──────── Material supplied ────────
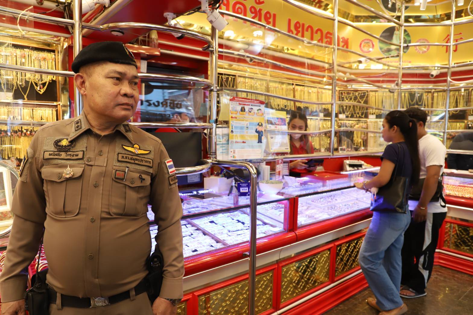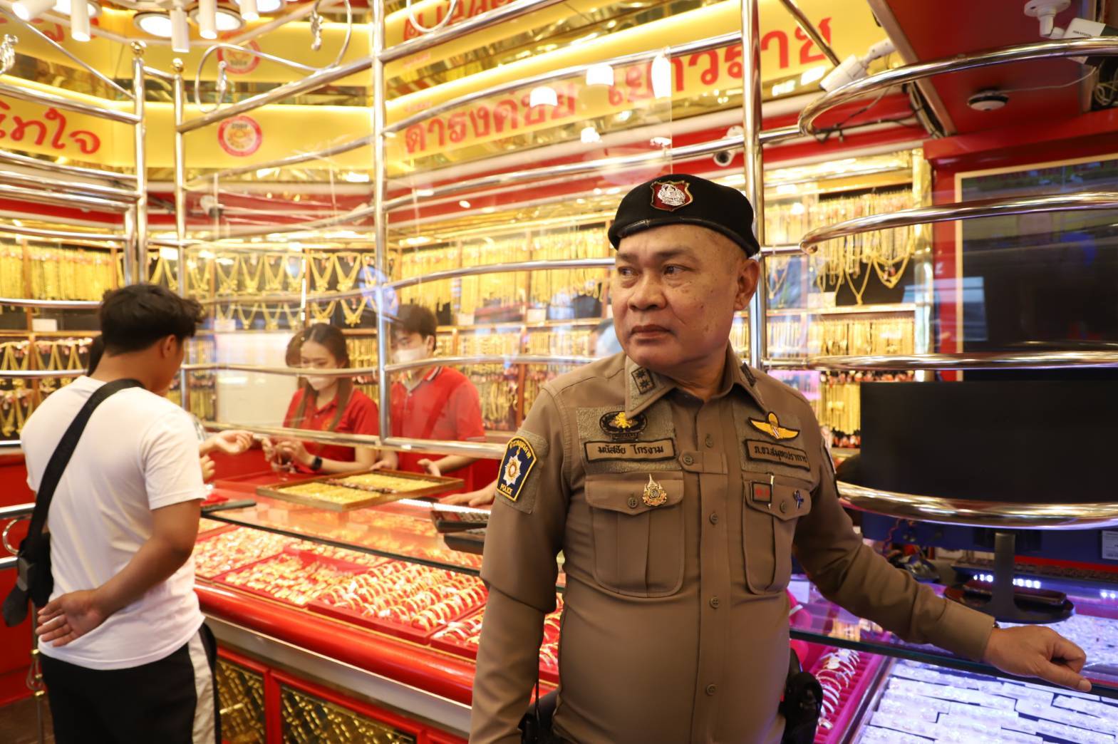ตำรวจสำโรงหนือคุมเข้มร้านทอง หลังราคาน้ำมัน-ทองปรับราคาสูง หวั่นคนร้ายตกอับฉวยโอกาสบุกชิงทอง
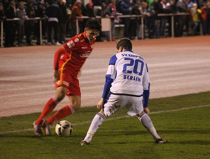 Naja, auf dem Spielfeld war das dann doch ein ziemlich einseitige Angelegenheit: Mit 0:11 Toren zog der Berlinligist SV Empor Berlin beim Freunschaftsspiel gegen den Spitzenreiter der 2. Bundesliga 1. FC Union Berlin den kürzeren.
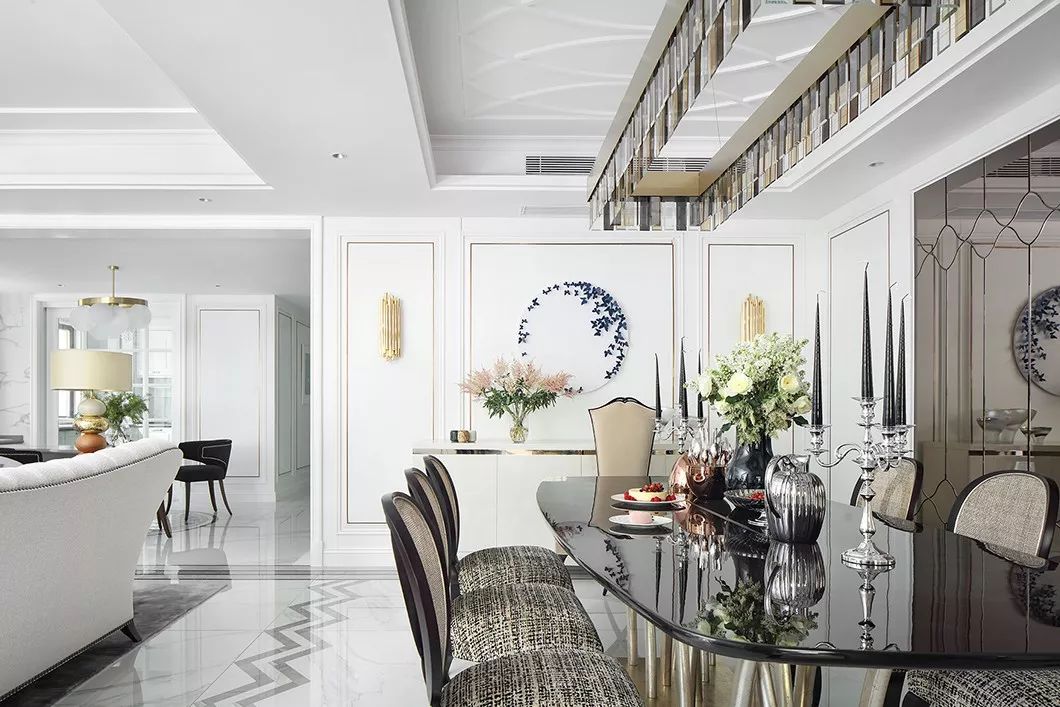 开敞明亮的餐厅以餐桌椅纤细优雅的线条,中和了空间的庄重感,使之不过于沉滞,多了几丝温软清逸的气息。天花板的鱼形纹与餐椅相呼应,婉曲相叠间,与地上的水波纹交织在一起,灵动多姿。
────────
──────── Material supplied ────────
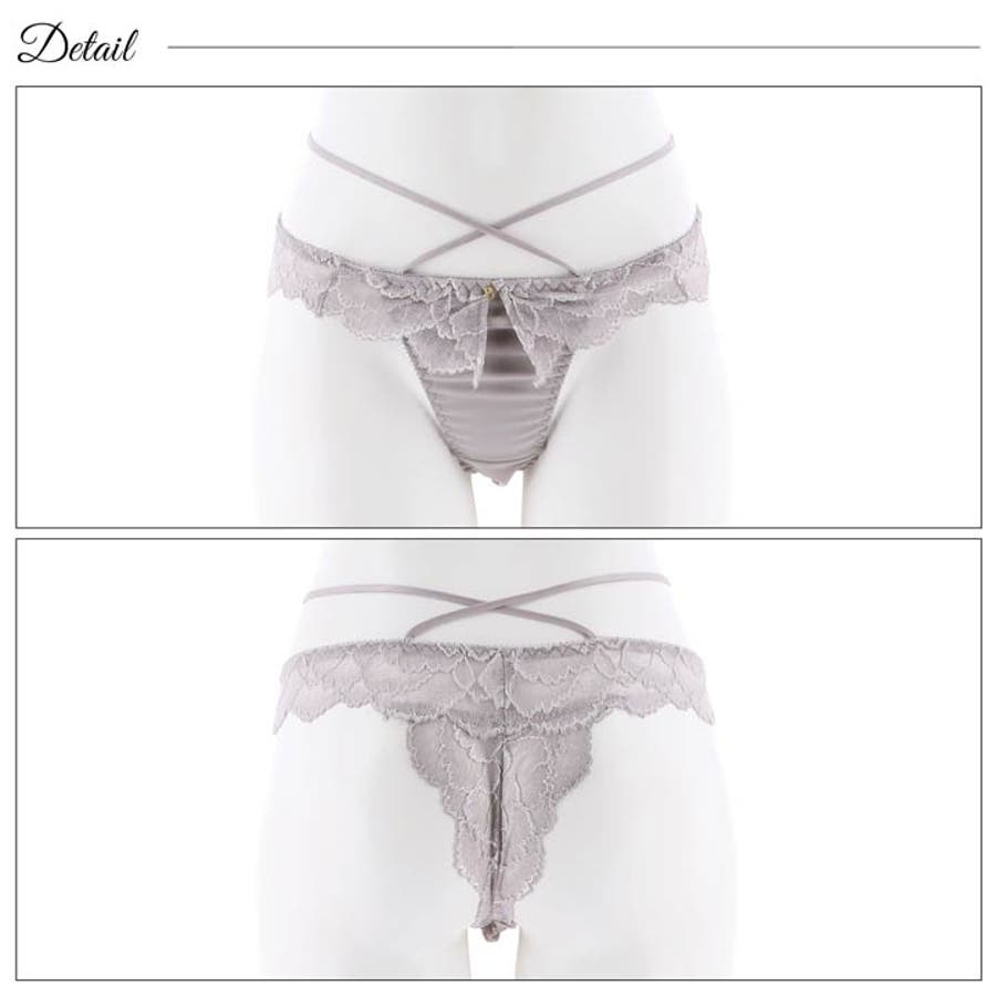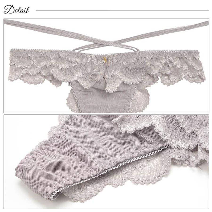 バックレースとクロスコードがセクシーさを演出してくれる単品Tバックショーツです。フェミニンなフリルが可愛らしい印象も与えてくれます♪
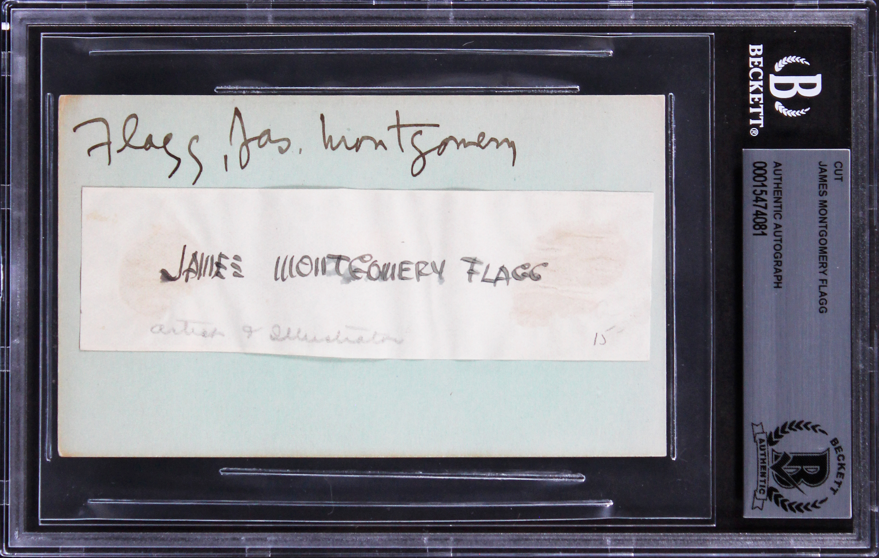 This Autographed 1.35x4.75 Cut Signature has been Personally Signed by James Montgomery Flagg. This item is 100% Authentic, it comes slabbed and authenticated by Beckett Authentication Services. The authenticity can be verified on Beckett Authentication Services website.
────────
Exercise directions:
Now transcribe the lines above exactly, starting at the line containing "バックレースとクロスコードが" and ending at the line containing "This Autographed 1.35x4.75", both lines included, pictures excluded.

Reply to the task:
 バックレースとクロスコードがセクシーさを演出してくれる単品Tバックショーツです。フェミニンなフリルが可愛らしい印象も与えてくれます♪
 This Autographed 1.35x4.75 Cut Signature has been Personally Signed by James Montgomery Flagg. This item is 100% Authentic, it comes slabbed and authenticated by Beckett Authentication Services. The authenticity can be verified on Beckett Authentication Services website.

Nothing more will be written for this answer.